Published : 8:50 am  November 17, 2015 | No comments so far |  |  (408) reads | 



The real intention in setting up a private sector pension scheme by merging the EPF and the ETF is to invest these funds in the Colombo Stock Exchange (CSE) by handing over their administration to a private fund manager, UPFA MP Bandula Gunawardane said yesterday.

He said it was unwise to invest the EPF-ETF funds amounting to Rs.1.7 trillion, the largest fund in South Asia, in the stock exchange because it would put the future of private sector employees at risk. “Investing in the CSE is similar to gambling. You never know the outcome. Sometimes you may benefit but sometimes you will lose all your investments.

Therefore, it is not acceptable to risk the EPF-ETF fund,” Mr. Gunawardane said. He said the then Finance Minister T.B. Illangaratne who created the EPF appointed the Central Bank as its caretaker. He said the fund which had a balance of Rs.405 billion when the government of former President Mahinda Rajapaksa took over had grown up to Rs.1,442 billion by the time his government took office. “Because of wise investment of the fund, it had increased by 25 per cent annually.

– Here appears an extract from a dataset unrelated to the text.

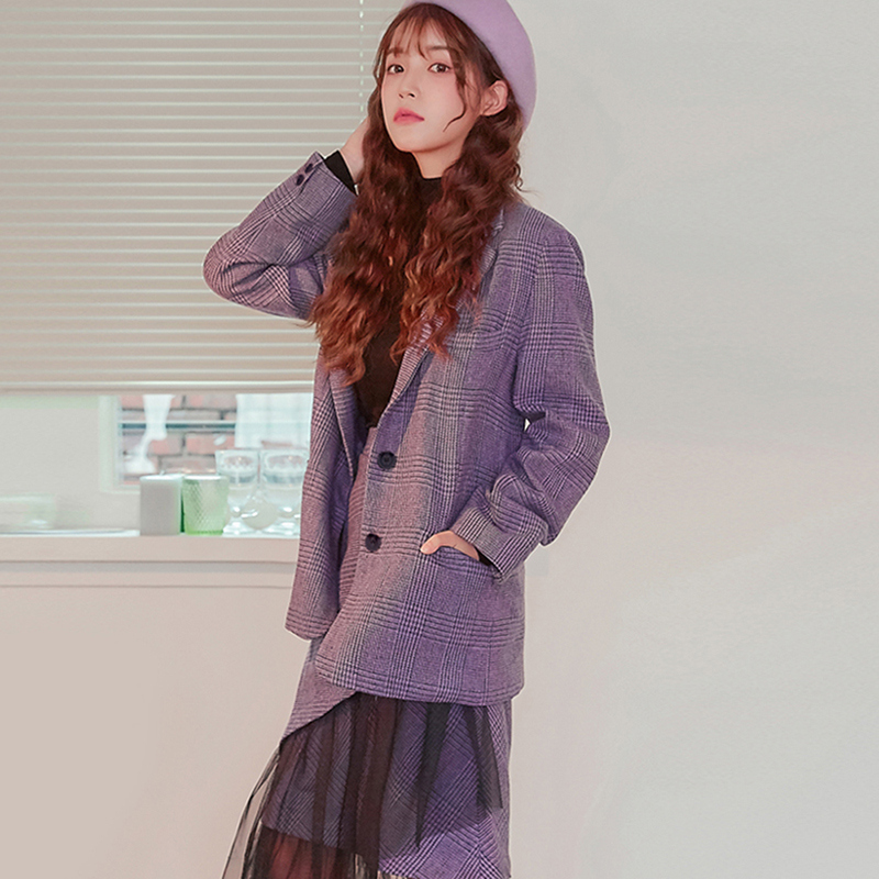 好价:ZERO STREET WOOL CHECK JACKET_PURPLE_F 外套

Though the government could invest up to 10 per cent in the CSE, the previous government had only invested about six per cent. The profits earned last year was Rs.152 billion. And the rest was invested in Treasury Bonds and Bills,” Mr. Gunawardene said. He said if the administration of the fund was handed over to a fund manager, it would take the final decision on releasing the funds inclusive of how much the government could use for Treasury Bills. He said the SLFP would not agree to this move because it was one of the SLFP ministers, who created the fund. “We request President Maithripala Sirisena, the SLFP Chairman, not to allow this to happen,” Mr. Gunawaradne said.